Team DNA l New Delhi
The CAG reports on allocation of coal blocks, ultra mega power projects and public private partnership in Indira Gandhi international airport have put the UPA government in a tight spot as the revenue loss from these projects amount to a whopping Rs3.78 lakh crore approximately.
Terming it the “biggest ever scam”, the Opposition immediately went for the government’s jugular. For the next few days, one can expect Parliament to witness pandemonium over this as the BJP-led NDA sharpens its claws and prepares to launch a frontal assault on the government.
To make the calculation simpler, let us look at the breakup: For coal allocation, the loss is Rs1.86 lakh crore, for the power projects it is 0.29 lakh crore and for the Indira Gandhi international airport 1.63 lakh crore (as quoted by the Delhi International Airport Limited). The CAG has a conservative figure of Rs24,000 crore.
For the government, this was a huge loss of face because it
was prime minister Manmohan Singh who held charge of the
coal portfolio when the coal blocks allocations were done. Going by the figures revealed by the CAG (Comptroller and Auditor General), the coal block allocation scam alone is the biggest ever and has caused the government a staggering loss of Rs 1.86 lakh crore. This surpasses the figure of the 2G scam, which hovered around Rs 1.76 lakh crore. l Turn to p9
l Related reports, p10
Even as the Opposition demanded Singh’s resignation, the Congress fielded Manish Tiwari to take the brunt of the NDA criticism. Tiwari was scathing in his attack on the CAG reports.
“When the coal blocks have been allotted for captive use and the coal is not for sale, how can the auditor arrive at any figure of the gain that would accrue to the allottees?” he asked.
Stressing that even in the 2G case, the Supreme Court had not endorsed the CAG’s concept of a presumptive loss, Tiwari said the CAG’s calculations have, in fact, no basis.
On the other hand, summarily dismissing the Opposition’s demand for Singh’s resignation, Union coal minister Sriprakash Jaiswal said, “The ministry does not agree with the assessments made by the auditor. There was nothing wrong with the process of finalising the allottees as it was done under the existing process.”
The BJP was unfazed by the Congress logic and its assertions against the CAG. The party made a simple point. It went on insisting that Singh should take moral responsibility and resign. After all, between 2004 and 2009, Singh was for the most part the minister for coal except for brief periods when Jharkhand Mukti Morcha leader Shibu Soren took charge of the portfolio.
BJP leaders Sushma Swaraj and Arun Jaitley came down heavily on the prime minister holding him directly responsible for the loss of Rs1.86 lakh crore to the exchequer. The BJP leaders pointed out that the CAG had shown how the government had not implemented its own decision to allow competitive bidding — a decision which was taken on June 18, 2004.
“He [Singh] has to seriously introspect, impose on himself the moral censure of quitting himself,” Jaitley said.
Swaraj said the party would go on demanding the resignation of the prime minister in Parliament.
In these politically impactful reports, the CAG has slammed the UPA government for delaying the competitive bidding process in the allocation of coal blocks.
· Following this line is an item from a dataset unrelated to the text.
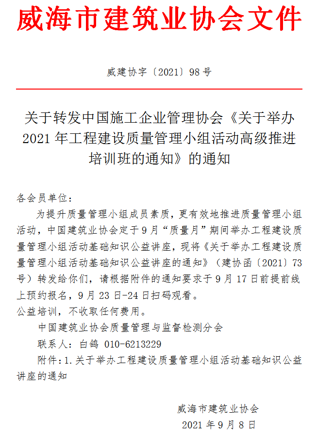 關(guān)于轉(zhuǎn)發(fā)中國施工企業(yè)管理協(xié)會(huì)《關(guān)于舉辦2021年工程建設(shè)質(zhì)量管理小組活動(dòng)高級(jí)推進(jìn)培訓(xùn)班的通知》的通知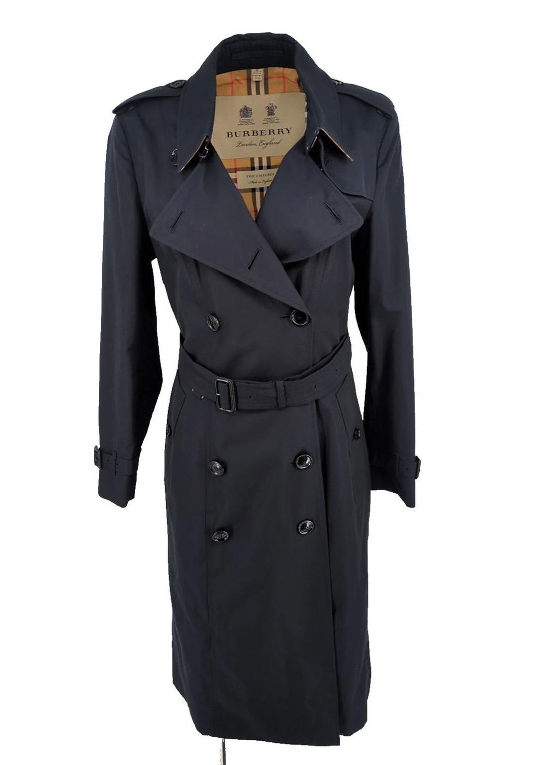 Burberry Chelsea Trench CoatMightnight NavyLong LengthBurberry embossed buttonsNova check interior lining2 external pocketsMade in EnglandGender...

According to the report tabled in Parliament, 57 coal blocks were allocated to private sector companies that may have resulted in windfall profit for the companies while the government suffered heavy losses.
In another report on ultra mega power projects, the CAG has questioned the government’s decision to allow Reliance Power to use excess coal from the allocated blocks for its other projects.
According to the CAG report, Reliance Power, at the time the contract was awarded, had said the company would be able to use 20 million tonnes from the two blocks and there would be sufficient coal for the Sasan UMPP.
In the same report, the CAG has urged the government to review the award of the Chhatrasaal coal block to Reliance Power for providing level playing field to other power developers. The CAG has pegged the profit of the private power company to Rs29,033 crore.
These three critical reports meant yet another beating for Congress that already has a battered image. Already, the government, suffering from a policy stasis because of a lack of political consensus, has failed to defend itself in the face of huge and unprecedented corruption charges.
Now, the coal block allocation scam threatens to taint the Mr Clean persona of the prime minister. The Congress will require a lot of positive energy to emerge from this crisis with its head held high.